Вечером Сокол и Айна гуляли по парку. Старый запущенный парк, каких много встречается в Черноземье, застыл в тишине. Высокие пирамидальные тополя остроконечными вершинами взметнулись в небо, клены, липы и ясени, тесня друг друга, сплели широкие ветви. А внизу, в ногах у этих столетних великанов, разметали побеги неприхотливые бузина, сирень, акация. Тихо шуршала сухая листва, пахло прелью.
— Как здесь красиво, Айна!
— Да, здесь другой мир, Витя. Посмотри вот сюда, на пруд.
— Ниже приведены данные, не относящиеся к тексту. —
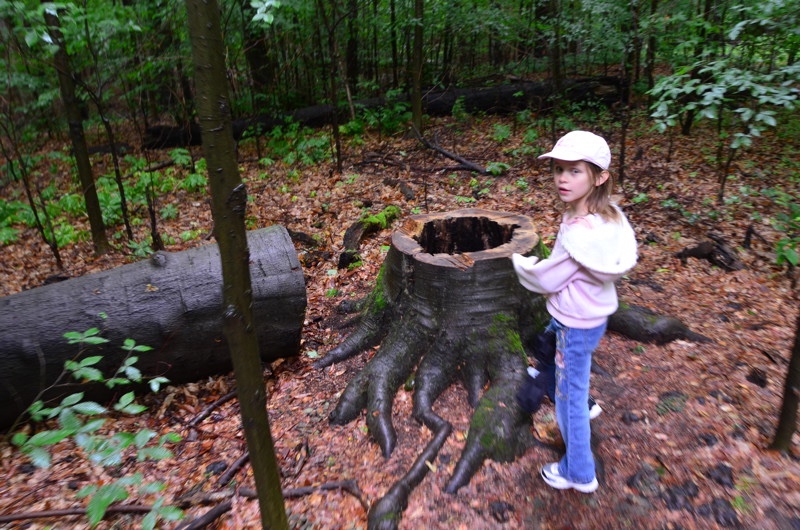 Sienna saw this tree that had been cut down and said, "That's sad." When I asked why, she said that in school she learned that some birds can only live in hollow trees and that they're rare.

И парк и пруд притаились, как любопытные люди, желая посмотреть и подслушать влюбленных. А они, словно боясь, что их простые слова разрушат весь мир красоты, мир мечты и желаний, который нельзя, невозможно передать словами, долго стояли молча. Потом Айна тихо подошла к Соколу. Сокол обнял девушку, трепетную и податливую, повернул лицом к луне, стал целовать крепко, с немой потаенной жадностью.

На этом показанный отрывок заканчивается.